Lily’s sobs ceased, and she lifted her head.

“There are bad girls in your slums. Tell me⁠—do they ever pick themselves up? Ever forget, and feel as they did before?”

“Lily! you mustn’t speak so⁠—you’re dreaming.”

“Don’t they always go from bad to worse? There’s no turning back⁠—your old self rejects you, and shuts you out.”

She rose, stretching her arms as if in utter physical weariness. “Go to bed, dear! You work hard and get up early. I’ll watch here by the fire, and you’ll leave the light, and your door open. All I want is to feel that you are near me.” She laid both hands on Gerty’s shoulders, with a smile that was like sunrise on a sea strewn with wreckage.

“I can’t leave you, Lily. Come and lie on my bed. Your hands are frozen⁠—you must undress and be made warm.” Gerty paused with sudden compunction. “But Mrs. Peniston⁠—it’s past midnight! What will she think?”

“She goes to bed. I have a latchkey. It doesn’t matter⁠—I can’t go back there.”

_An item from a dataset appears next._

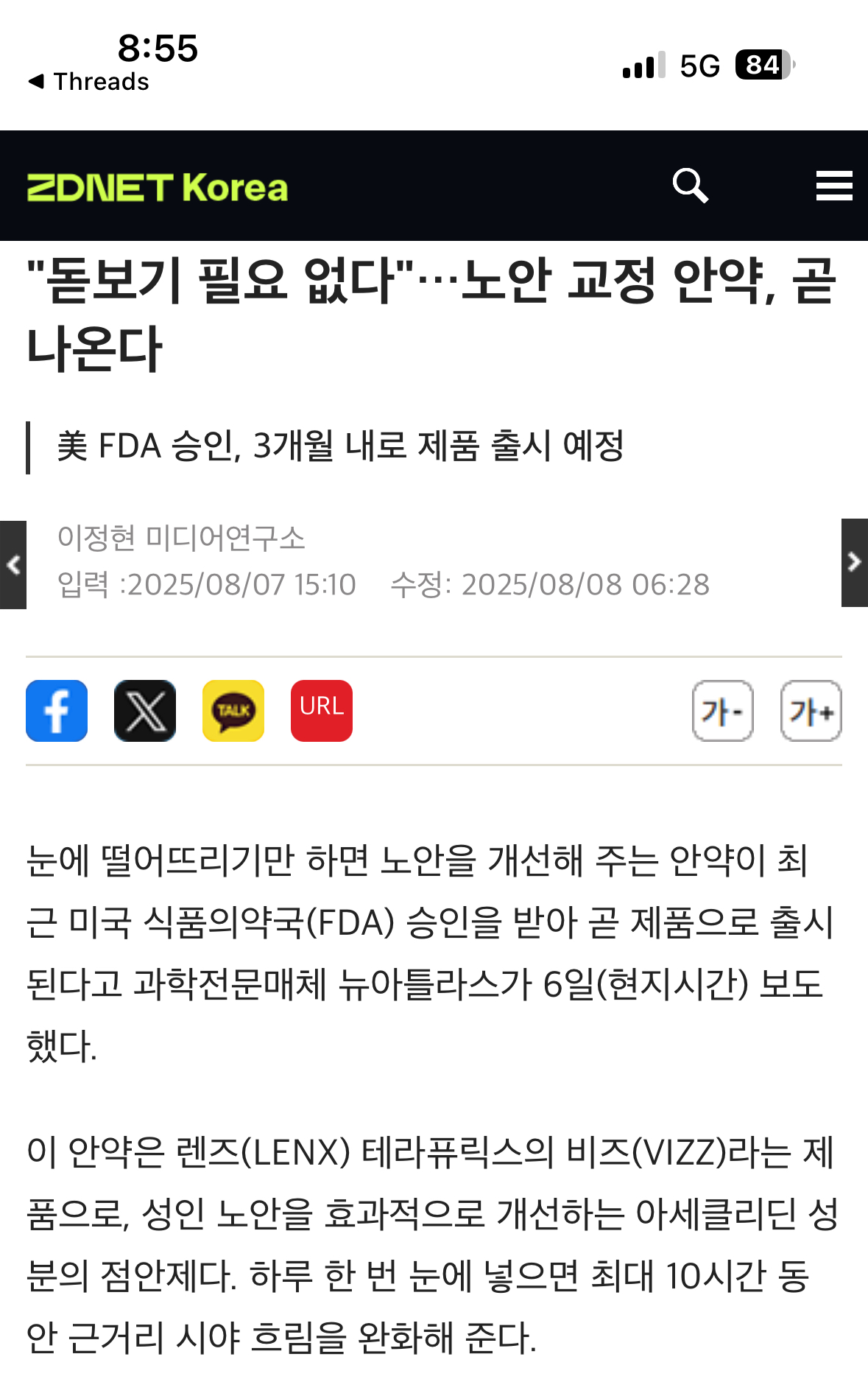 노안을 개선 해주는 안약이 나온다네요

“There’s no need to: you shall stay here. But you must tell me where you have been. Listen, Lily⁠—it will help you to speak!” She regained Miss Bart’s hands, and pressed them against her. “Try to tell me⁠—it will clear your poor head. Listen⁠—you were dining at Carry Fisher’s.” Gerty paused and added with a flash of heroism: “Lawrence Selden went from here to find you.”

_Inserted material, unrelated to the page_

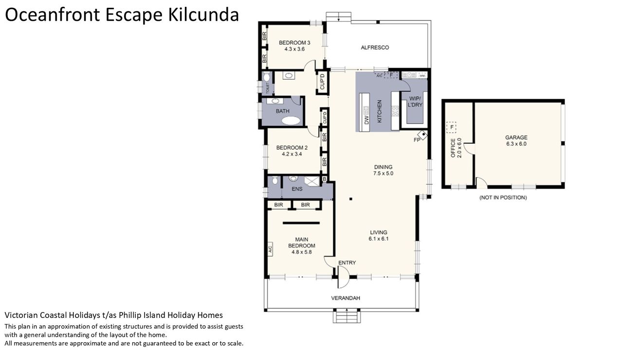 “Oceanfront Escape Kilcunda” is a delightful single-storey family [and pet-friendly XX] home in Kilcunda just 100m from the beach, a short walk from the Kilcunda General Store & pub, and a comfortable drive from the supermarkets, restaurants & cafés of San Remo. Some of the many features of this lovely home are detailed below:

At the word, Lily’s face melted from locked anguish to the open misery of a child. Her lips trembled and her gaze widened with tears.

“He went to find me? And I missed him! Oh, Gerty, he tried to help me. He told me⁠—he warned me long ago⁠—he foresaw that I should grow hateful to myself!”

The name, as Gerty saw with a clutch at the heart, had loosened the springs of self-pity in her friend’s dry breast, and tear by tear Lily poured out the measure of her anguish. She had dropped sideways in Gerty’s big armchair, her head buried where lately Selden’s had leaned, in a beauty of abandonment that drove home to Gerty’s aching senses the inevitableness of her own defeat. Ah, it needed no deliberate purpose on Lily’s part to rob her of her dream! To look on that prone loveliness was to see in it a natural force, to recognize that love and power belong to such as Lily, as renunciation and service are the lot of those they despoil. But if Selden’s infatuation seemed a fatal necessity, the effect that his name produced shook Gerty’s steadfastness with a last pang. Men pass through such superhuman loves and outlive them: they are the probation subduing the heart to human joys. How gladly Gerty would have welcomed the ministry of healing: how willingly have soothed the sufferer back to tolerance of life! But Lily’s self-betrayal took this last hope from her. The mortal maid on the shore is helpless against the siren who loves her prey: such victims are floated back dead from their adventure.

Lily sprang up and caught her with strong hands. “Gerty, you know him⁠—you understand him⁠—tell me; if I went to him, if I told him everything⁠—if I said: ‘I am bad through and through⁠—I want admiration, I want excitement, I want money⁠—’ yes, money! That’s my shame, Gerty⁠—and it’s known, it’s said of me⁠—it’s what men think of me⁠—If I said it all to him⁠—told him the whole story⁠—said plainly: ‘I’ve sunk lower than the lowest, for I’ve taken what they take, and not paid as they pay’⁠—oh, Gerty, you know him, you can speak for him: if I told him everything would he loathe me? Or would he pity me, and understand me, and save me from loathing myself?”

Gerty stood cold and passive. She knew the hour of her probation had come, and her poor heart beat wildly against its destiny. As a dark river sweeps by under a lightning flash, she saw her chance of happiness surge past under a flash of temptation. What prevented her from saying: “He is like other men?” She was not so sure of him, after all! But to do so would have been like blaspheming her love. She could not put him before herself in any light but the noblest: she must trust him to the height of her own passion.

“Yes: I know him; he will help you,” she said; and in a moment Lily’s passion was weeping itself out against her breast.